CHR F SNP BP P TOTAL NSIG S05 S01 S001 S0001
19 1 rs2548459:49209339:T:C 49209339 1.84e-12 21 0 0 2 0 19
KB RSQ ALLELES F P
(INDEX) rs2548459:49209339:T:C 0 1.000 C 1 1.84e-12
rs374886:49117247:A:G -92.1 0.437 CA/TG 1 9.55e-07
rs8111874:49168942:G:A -40.4 0.578 CA/TG 1 2.51e-06
rs35106244:49203829:C:T -5.51 0.665 CT/TC 1 8.44e-09
rs281377:49206603:C:T -2.74 0.481 CC/TT 1 4.99e-09
rs507855:49208501:A:G -0.838 0.989 CG/TA 1 2.37e-12
rs632111:49208978:A:G -0.361 0.997 CG/TA 1 2.43e-12
rs281380:49214470:T:C 5.13 0.317 CT/TC 1 4.63e-07
rs4002471:49215095:C:T 5.76 0.642 CT/TC 1 1.36e-08
rs281386:49217305:A:G 7.97 0.27 CA/TG 1 1.48e-06
rs629504:49223633:C:G 14.3 0.603 CG/TC 1 8.15e-09
rs2287921:49228272:T:C 18.9 0.616 CC/TT 1 2.35e-08
rs479486:49229323:G:A 20 0.659 CA/TG 1 3.99e-10
rs838147:49246866:A:G 37.5 0.509 CA/TG 1 2.83e-07
rs8111399:49247963:G:T 38.6 0.271 CG/TT 1 3.06e-06
rs56098615:49247999:T:A 38.7 0.271 CT/TA 1 3.06e-06
rs8111208:49248022:A:C 38.7 0.271 CA/TC 1 3.06e-06
rs838146:49248052:C:T 38.7 0.528 CC/TT 1 1.02e-06
rs12611211:49248331:G:A 39 0.271 CG/TA 1 3.06e-06
rs8103840:49254955:C:T 45.6 0.462 CC/TT 1 7.83e-06
RANGE: chr19:49117247..49254955
SPAN: 137kb
As you can see, many of the SNPs within the large peak are in LD with the most significant SNP in that region. Taking the coordinates of those SNPs, we can define the outer bounds of a region of interest.
Question
Repeat this now for the imputed association files generated by PLINK as well.
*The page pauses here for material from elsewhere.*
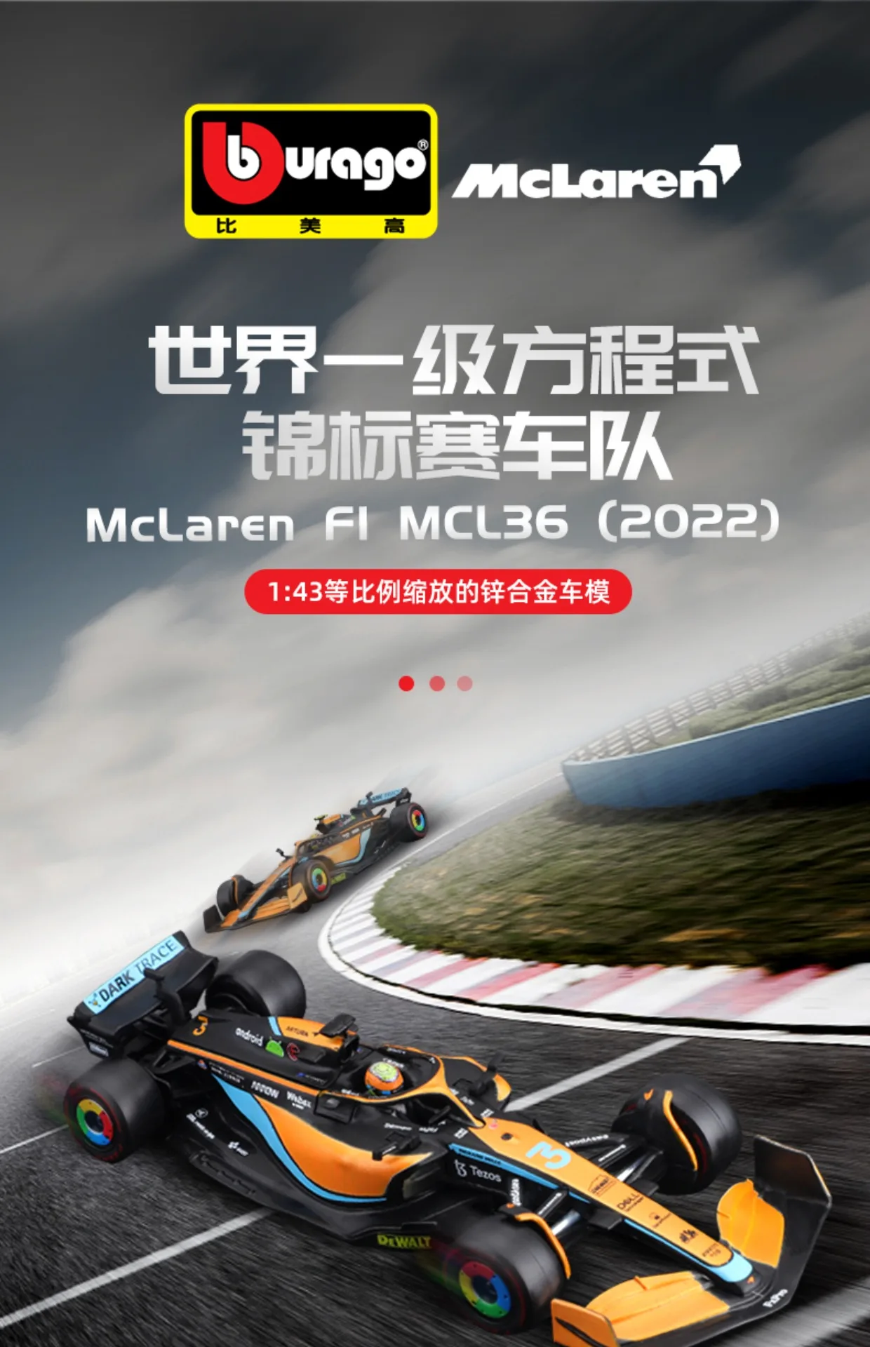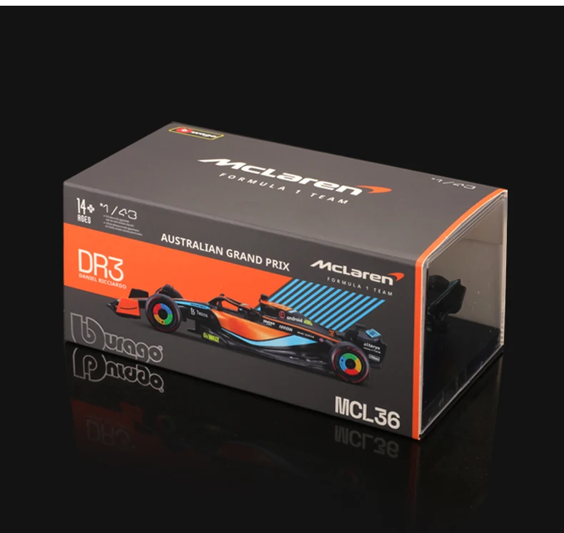 Bburago 1:43 2022 McLaren MCL36 F1 формула гоночного автомобиля статическая имитация литая модель автомобиля из сплава акриловая коробка

Is the region of association consistent between imputed and genotyped data?
Does the index (most significant) SNP change when using imputed data? Why might this happen?
Identifying associated genomic features
Once we have these regions and the SNPs present within them, we can use reference annotations to determine what genes or
genomic elements are present in that part of the genome. We will use the human assembly GRCh37 as the reference genome
for this analysis. To locate potential genes of interest, we can search the reference assembly in
Ensembl or UCSC genome browser using our genomic
coordinates in the form chromosome:start-end
.
Warning
Our data is in GRCh37
or 'hg19' coordinates - not GRCh38
. Make sure you select the relevant genome in the
browsers for this.
Looking in the browsers will give us an idea of the genes that are in the region and other regulatory elements that might be annotated. Another useful database to check is dbSNP, and the Ensembl Variant Effect Predictor is a useful tool to investigate potential effects of significant SNPs.
Yet another place to look is Open Targets, which amalgamates many functional datasets that can shed light on an association.